Progress never stems from contentment. Supporters of patriarchy know this. It’s not that they actually think contentment is a virtue that should be preached universally. No. Instead, the virtue of contentment is something preached solely to girls. Because the boys are the ones who are supposed to be doing, leading, achieving, creating. The girls are supposed to following. They’re supposed to be support staff while the boys do all the doing. And this is why the boys are taught to be ambitious and reach for the stars while the girls are taught to be content where they are.
Like most of the messages of the Christian Patriarchy movement and evangelicalism’s purity culture, these ideas are not completely absent from mainstream American society. Nisha Chittal touched on some similar ideas in “Let’s Talk about That Ambition Gap.”

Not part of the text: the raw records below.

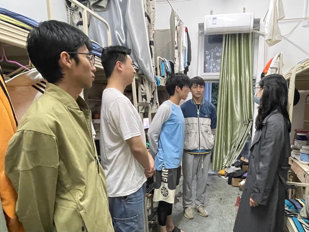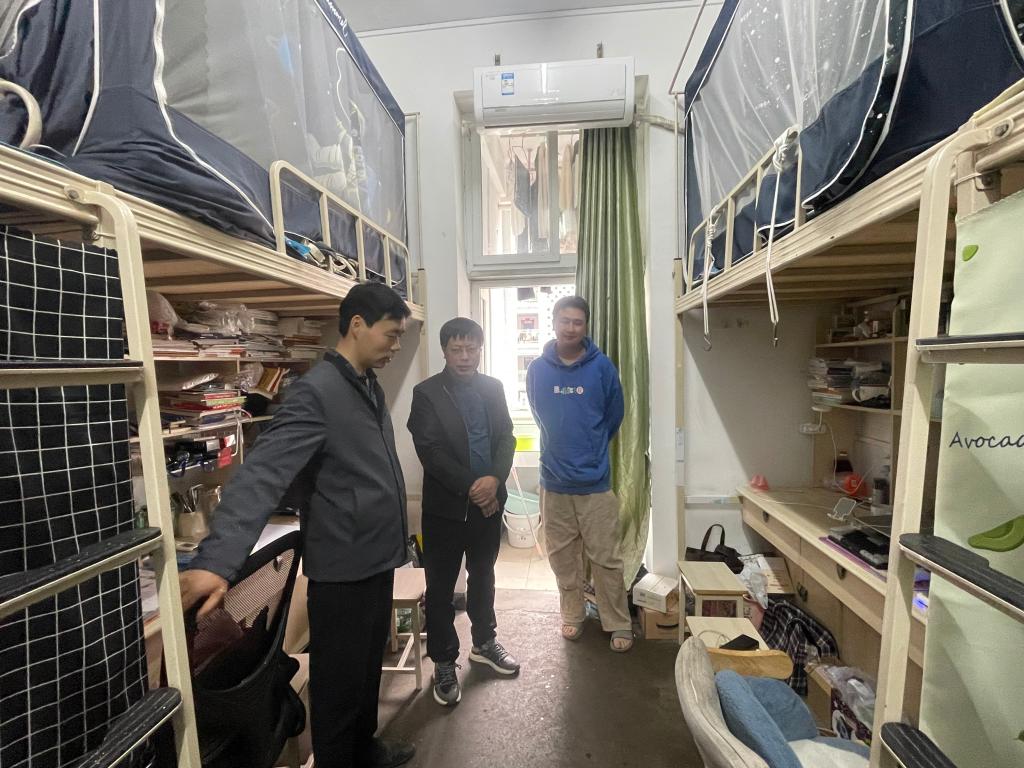 彭雙帶隊深入學院寢室進行走訪。在走訪過程中,他強調,寢室作為學生學習和生活的重要場所,不僅關系到學生個人的身心健康,也代表著學院的整體形象,要求內務需要改進的寢室立即做出相關整改,進一步推動寢室文化的建設和管理。
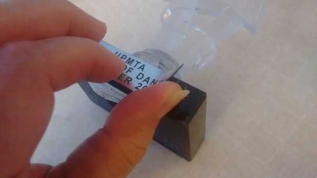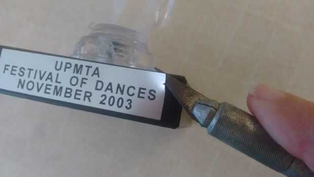 Las etiquetas de base se hacen generalmente de una pieza que de metal flexible adherido en la placa base. Para quitarla, basta con insertar la punta de un cuchillo X-acto y palanquee suavemente una de las esquinas. Una vez que se va, es bastante fácil solo pelar justo al lado.
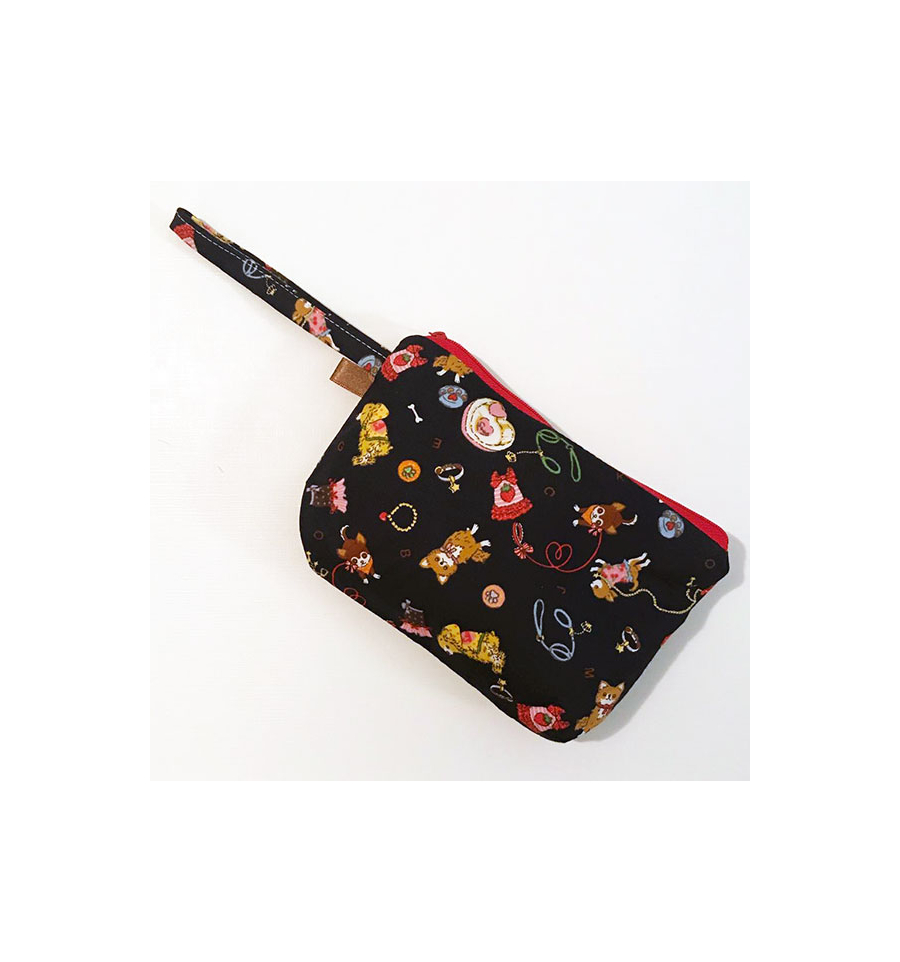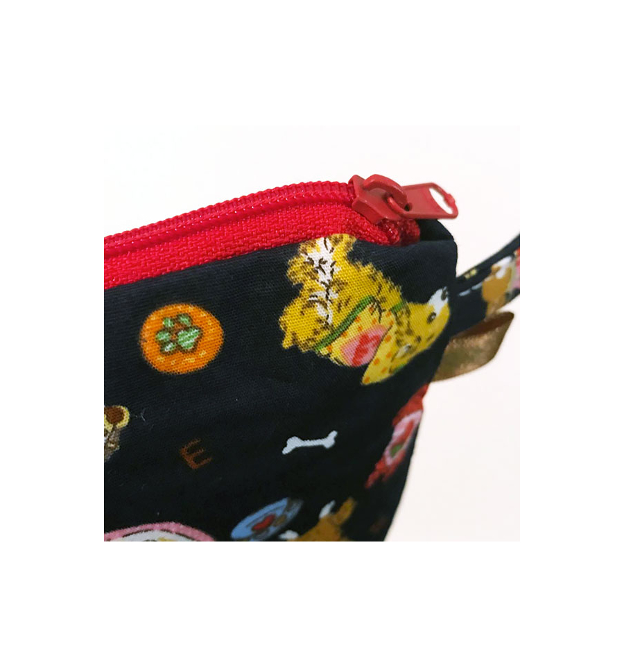 Pochette in stoffa porta oggetti con zip superiore e laccio.

What I do notice every day is that most women have been taught from an early age to be nice, above all else. To watch your tone. To not be too aggressive. To not be too greedy. To share the credit for their achievements. To be modest. And as girls grow into women, they internalize those messages and carry the “nice girl” message into their careers. Most women I know constantly wrestle with how to reconcile their high ambitions with the conflicting messages they’ve received to be likeable, and not too aggressive.
While these sorts of messages are subtler in mainstream society than they are in circles that openly advocate patriarchy, they’re not entirely absent either.
As a mother, I’m teaching my daughter Sally to have ambition and dream big. I want her to walk to the horizon and push beyond. I want her to know that she can move forward rather than standing still. And most of all, I want her to know that she is a person first, that her gender is not something that should hold her back, and that my hopes and dreams for her are no different from those I have for her brother. And coming from my background as a child of the Christian Patriarchy movement, that is revolutionary.